DUO MORTEL

Titre: Deadly Duo
ou:  
Réalisateur: Chang Cheh
Interprètes: David Chiang

 

Ti Lung
Ku Feng
Chen Sing
Bolo Yueng
Philip Ko
 
Année: 1971
Genre: Kung fu / Wu Xia
Pays: Hong Kong
Editeur Wild Side
Violence: * * *
Erotisme: *
Suite:  

60%

Résumé:

Un prince de la dynastie Sung est tenu en otage par l'armée Mongole dirigée par Wa. Une équipe est envoyé pour le secourir, dirigé par Pao Ting-tien, un expert dans le maniement de la hache.

Critique:

Sorti par Wild Side dans sa prestigieuse collection Shaw Brothers, DEADLY DUO n'est pourtant pas le meilleur film de Chang Cheh, loin de là! C'est essentiellement un kung-fu primitif et barbare, pas franchement mauvais mais qui - avouons le - verse souvent dans la caricature et même le ridicule.
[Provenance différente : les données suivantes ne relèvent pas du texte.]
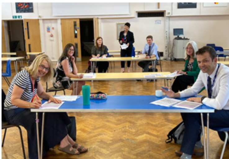
Some of the participating teachers.

Teachers across the area of Bridgnorth have worked together this term to share writing examples from their Year 6 pupils. This was part of a range of joint activities local teachers have been involved in.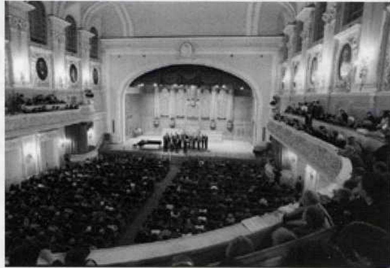
The Choir performs in the Tchaikovsky Hall in Moscow.

Among the Choir’s repertoire are compositions of world classics and songs of people of the world. From its inception, the Choir has sought to revitalize the Jewish choral and vocal music arts, based upon the deep roots and ancient traditions, not only of the Jewish community, but also, professional classical Russian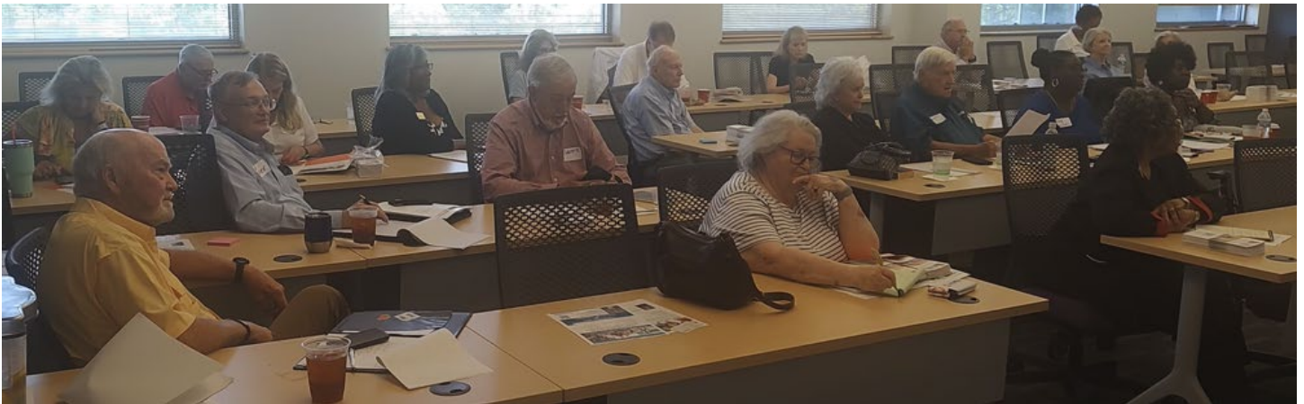
Figure 2: The Recruitment and Retention Roundtable, sponsored by AMBA, included participants from across the state.

Throughout the event, participants engaged in meaningful discussions, sharing their experiences, ideas, and challenges. The collective goal was to develop actionable plans to attract new members and retain existing ones. A notable segment highlighted the impressive work undertaken by GSRA's Savannah/Coastal Local Chapter over the past year. Their efforts provided an inspiring model for other local chapters.

Si DEADLY DUO parvient à ne pas ennuyer c'est uniquement grâce à son rythme enlevé et aux nombreux combats chorégraphiés par Tong Gaai et Lui Chia Liang. Ti Lung, armé d'une grosse hache de guerre, et David Chiang, équipé d'un grappin redoutable, vont donc enchaîner les duels contre les infâmes méchants, parmi lesquels on retrouve Bolo Yeung.

Niveau scénario, c'est la simplicité à l'état pur, la quintessence de l'intrigue orientée action et divertissement populaire: un prince est prisonnier d'un château inexpugnable, de gentils chevaliers vont donc aller le délivrer. A partir de là, pas besoin de concentration excessive, le seul plaisir est immédiat. Oubliez le phosphore, priorité à la testostérone: ça bastonne sévère pendant 80 minutes. Alors tant pis pour toutes les incohérences et invraisemblances que Chang Cheh sème derrière lui, le spectacle avant tout!

DEADLY DUO se poursuit donc en ne lésinant pas sur les affrontements furieux et bien sanglants, jusqu'à la fameuse séquence du pont. Monument de bêtise résolument bis, ce passage interminable est d'une simplicité déconcertante. Un pont à moitié brisé défend l'entrée du château et les amis de Ti Lung vont donc essayer de passer en privilégiant l'option "on essaie et on verra bien" au détriment d'un minimum de réflexion (style contournez l'obstacle, utiliser une corde où que sais-je encore). Le premier se lance, échoue, tombe et meurt. Bon, apparemment ce n'est pas ainsi qu'il faut procéder. Pourtant le deuxième se lance. Echoue! Tombe! Meurt! Et un troisième de tenter encore le même truc pour prouver son héroïsme. Il tombe et meurt à son tour! David Chiang, maître du kung-fu de l'envol, parvient pourtant à passer le pont et entame le combat avec les méchants, bientôt rejoint par ses copains qui, l'instant d'avant, en étaient apparemment incapables! Cette séquence résume à elle seule tout DEADLY DUO: le seul objectif est de divertir, alors qu'importe si il faut tordre le cou à la logique ou se permettre des facilités de scénario (in)dignes des serials.

Car, malheureusement, DEADLY DUO ne s'embarrasse vraiment pas de ses personnages, de son scénario ou de la moindre tension dramatique. On sait comment tout ça va finir et rien ne viendra surprendre le spectateur, excepté - justement - des passages à l'héroïsme si outrancier et si stupide qu'ils en deviennent profondément ridicules. Donc drôle.

Constamment excessif, DEADLY DUO a bien du mal à passionner le public, rapidement lassé par cet incessant gavage d'action barbare et hyper sanglante. Heureusement, le finale nous offre un beau concentré de bastons et l'utilisation des extérieurs change agréablement des habituels décors d'intérieurs.

Mais tout ça parait trop convenu, trop paresseux (y compris dans la réalisation), trop classique en fait pour s'élever au-dessus de la moyenne.

Chang Cheh, déjà, recycle des éléments de LA RAGE DU TIGRE, des 13 FILS DU DRAGON D'OR et annonce, par ces excès bis rarement controllés (et encore moins appropriés) les kung-fu pian déjanté interprétés les Five Deadly Venom.

Même avec une durée réduite à moins d'une heure et vingt minutes, DEADLY DUO parait longuet. A réserver aux seuls inconditionnels du kung-fu sanglant, bis et décérébré!